Junge Union fordert radikale Steuerreform mit 20 Milliarden Entlastung
Piotr DietzJunge Union fordert radikale Steuerreform mit 20 Milliarden Entlastung
Johannes Winkel, Vorsitzender der Jungen Union, fordert eine umfassende Steuerreform oder den vollständigen Stopp des Vorhabens. Die jüngste Rentenkommission sieht er als Vorbild für einen solchen Wandel. Seine Vorschläge zielen darauf ab, staatliche Subventionen abzubauen und die Steuerlast spürbar zu entlasten.
Winkel setzt sich für eine mutige Reform nach der Sommerpause ein, statt für eine überstürzte und unvollständige Lösung. Seiner Ansicht nach muss eine Steuerreform Entlastungen von über 20 Milliarden Euro für Bürger und Unternehmen bringen.

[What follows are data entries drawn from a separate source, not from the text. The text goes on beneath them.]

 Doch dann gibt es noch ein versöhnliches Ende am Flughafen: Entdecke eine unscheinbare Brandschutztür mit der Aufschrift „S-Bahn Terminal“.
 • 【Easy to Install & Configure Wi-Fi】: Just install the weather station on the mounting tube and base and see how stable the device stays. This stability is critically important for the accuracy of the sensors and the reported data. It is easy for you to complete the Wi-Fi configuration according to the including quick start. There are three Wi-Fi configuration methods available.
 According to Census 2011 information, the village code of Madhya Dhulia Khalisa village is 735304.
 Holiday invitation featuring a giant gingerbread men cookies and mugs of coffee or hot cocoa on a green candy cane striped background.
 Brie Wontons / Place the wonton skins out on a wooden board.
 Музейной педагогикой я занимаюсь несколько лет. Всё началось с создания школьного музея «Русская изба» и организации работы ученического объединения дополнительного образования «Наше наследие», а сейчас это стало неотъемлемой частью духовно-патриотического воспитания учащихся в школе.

Er unterstützt einen Plan von Yannick Bury und Florian Dorn, der Steuersenkungen und einen schrittweisen Abbau staatlicher Subventionen vorsieht. Im Gegensatz zum Wirtschaftsflügel seiner Partei zeigt er sich offen für verschiedene Ansätze. Winkel besteht zudem auf einer einheitlichen Kürzung der Subventionen in allen Branchen, um Gerechtigkeit zu gewährleisten.

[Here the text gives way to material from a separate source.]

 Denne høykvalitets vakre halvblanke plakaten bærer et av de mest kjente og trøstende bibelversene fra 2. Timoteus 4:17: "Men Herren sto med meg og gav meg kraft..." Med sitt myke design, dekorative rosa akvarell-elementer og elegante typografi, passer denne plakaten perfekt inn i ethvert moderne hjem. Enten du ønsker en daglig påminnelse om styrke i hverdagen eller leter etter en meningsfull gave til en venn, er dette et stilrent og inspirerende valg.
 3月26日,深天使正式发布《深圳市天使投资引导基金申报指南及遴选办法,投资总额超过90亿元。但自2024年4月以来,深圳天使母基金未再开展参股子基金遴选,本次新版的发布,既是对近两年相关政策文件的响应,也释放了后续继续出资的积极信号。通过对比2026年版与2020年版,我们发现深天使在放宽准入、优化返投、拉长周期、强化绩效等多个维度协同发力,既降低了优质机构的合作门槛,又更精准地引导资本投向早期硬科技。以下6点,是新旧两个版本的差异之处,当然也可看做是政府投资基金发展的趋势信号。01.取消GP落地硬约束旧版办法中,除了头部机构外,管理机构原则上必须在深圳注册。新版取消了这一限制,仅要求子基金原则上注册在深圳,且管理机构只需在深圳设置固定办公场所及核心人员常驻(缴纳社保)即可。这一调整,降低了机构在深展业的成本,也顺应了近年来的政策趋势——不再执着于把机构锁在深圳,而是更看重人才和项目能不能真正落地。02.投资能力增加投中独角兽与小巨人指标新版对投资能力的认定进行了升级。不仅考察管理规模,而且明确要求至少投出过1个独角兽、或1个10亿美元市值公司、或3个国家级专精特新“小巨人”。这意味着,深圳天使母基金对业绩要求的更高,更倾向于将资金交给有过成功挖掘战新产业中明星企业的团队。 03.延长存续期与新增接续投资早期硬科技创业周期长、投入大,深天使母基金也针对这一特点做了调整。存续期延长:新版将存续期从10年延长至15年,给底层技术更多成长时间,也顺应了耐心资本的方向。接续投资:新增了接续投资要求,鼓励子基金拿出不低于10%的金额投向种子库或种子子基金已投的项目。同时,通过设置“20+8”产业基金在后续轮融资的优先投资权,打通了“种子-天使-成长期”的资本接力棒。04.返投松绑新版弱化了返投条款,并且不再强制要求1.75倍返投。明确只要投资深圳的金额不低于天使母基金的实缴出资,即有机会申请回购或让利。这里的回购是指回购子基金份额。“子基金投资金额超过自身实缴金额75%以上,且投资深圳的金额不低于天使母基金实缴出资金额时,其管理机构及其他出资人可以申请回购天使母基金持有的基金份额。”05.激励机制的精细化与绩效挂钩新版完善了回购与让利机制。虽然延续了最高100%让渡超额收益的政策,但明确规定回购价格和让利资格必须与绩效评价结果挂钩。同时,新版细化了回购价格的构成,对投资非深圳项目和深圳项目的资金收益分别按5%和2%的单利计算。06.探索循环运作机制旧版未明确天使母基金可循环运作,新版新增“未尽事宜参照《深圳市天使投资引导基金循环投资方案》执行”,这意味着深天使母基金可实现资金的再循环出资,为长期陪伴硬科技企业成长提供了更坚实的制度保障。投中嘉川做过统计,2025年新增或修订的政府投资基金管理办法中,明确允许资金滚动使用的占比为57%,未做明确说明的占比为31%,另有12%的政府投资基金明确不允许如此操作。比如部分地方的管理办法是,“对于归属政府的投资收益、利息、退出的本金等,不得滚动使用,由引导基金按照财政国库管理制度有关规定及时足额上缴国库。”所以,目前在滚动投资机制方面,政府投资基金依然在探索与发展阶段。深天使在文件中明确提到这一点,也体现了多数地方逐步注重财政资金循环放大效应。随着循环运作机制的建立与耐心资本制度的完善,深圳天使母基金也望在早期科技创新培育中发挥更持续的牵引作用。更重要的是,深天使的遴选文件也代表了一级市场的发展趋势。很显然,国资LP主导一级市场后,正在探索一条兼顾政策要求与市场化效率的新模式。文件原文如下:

Er erwartet, dass sowohl die SPD als auch die Union ein System mittragen, das alle Wirtschaftszweige gleich behandelt. Seine Haltung spiegelt eine klare Präferenz für entschlossenes Handeln wider – statt für halbgare Kompromisse.

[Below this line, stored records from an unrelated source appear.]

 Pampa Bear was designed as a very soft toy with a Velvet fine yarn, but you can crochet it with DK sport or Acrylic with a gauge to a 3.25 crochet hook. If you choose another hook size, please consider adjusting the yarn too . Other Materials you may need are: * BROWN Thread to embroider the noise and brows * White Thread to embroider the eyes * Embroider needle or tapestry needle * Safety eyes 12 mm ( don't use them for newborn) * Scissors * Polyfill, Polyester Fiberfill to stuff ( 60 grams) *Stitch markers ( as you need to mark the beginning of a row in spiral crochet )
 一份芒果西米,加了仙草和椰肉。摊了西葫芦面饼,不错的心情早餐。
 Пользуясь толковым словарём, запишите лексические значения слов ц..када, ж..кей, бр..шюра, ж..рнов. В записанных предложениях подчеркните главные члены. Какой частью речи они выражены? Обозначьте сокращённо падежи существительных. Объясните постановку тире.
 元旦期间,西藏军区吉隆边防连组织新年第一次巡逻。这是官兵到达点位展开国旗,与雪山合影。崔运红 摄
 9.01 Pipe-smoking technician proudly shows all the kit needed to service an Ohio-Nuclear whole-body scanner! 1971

Der Appell des Young-Union-Chefs zur Reform ist mit klaren finanziellen und strukturellen Forderungen verbunden. Eine erfolgreiche Neugestaltung würde erhebliche Entlastungen und eine ausgewogenere Wirtschaftslandschaft bedeuten. Damit ein solcher Plan realisierbar wird, müssten sich die beiden großen Parteien möglicherweise annähern.